The acting was there, but the material was crap. Batman is portrayed as an unhinged psychopath. He was ready to straight up murder Superman till the "Martha" incident.
He showed no remorse too, his last words to Superman before he was about to murder him was "you were never a god, you were never even a man..." Ouch.
That's terrible characterization for Batman. He's a beloved character with a moral core, who knows his limits.
This version lacked that and came off like an unlikable borderline villain. Made me miss the nobility and heroism of Nolan and Bale's Batman. The Snyder Batman is just unsettling. He never was like this in DKR. Felt like Snyder was just pushing Batman in this direction for cheap thrills.
- He didn't kill those ninjas. He never tried to kill anyone there. They all had ample chance to haul ass and escape. It wasn't an inescapable death trap, otherwise he'd have been dooming himself, too. He created a distraction to scare them off. He saved the only person who was incapable of saving himself - Ducard/Ra's.
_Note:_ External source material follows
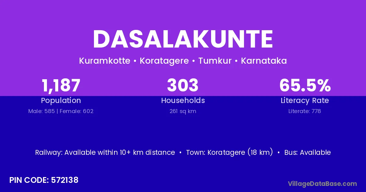 Koratagere (18 km) is the nearest town to Dasalakunte village for major economic activities and is located approximately 18 km away.

All the others chose to stay and try and fight him in spite of the impending danger. Sealed their own fate.
- He didn't kill anyone in the Police chase, that was verbally stated in the movie. But more importantly the movie made a point to paint his reckless behavior in that chase as bad. They had Alfred chew him out over it afterward, even though he had been rushing back to the cave because Rachel was dying. Nowhere in BvS does anyone frown on his murderous antics. Least of all Alfred, which was a disgrace.
- Who says that thug was killed? People have walked away from car crashes worse than that.
- You mean the vacant cars parked in the parking spaces by the dumpsters; http://screenmusings.org/movie/blu-ray/The-Dark-Knight/pages/The-Dark-Knight-1688.htm
- The kills in the Talia chase were totally necessary and unavoidable. He had minutes to stop a bomb that was going to nuke the city. What other options did he have that did not include lethal force to get to that truck and stop it? Ask Talia to pull her truck over and tell her tumblers to back off so he could take the bomb?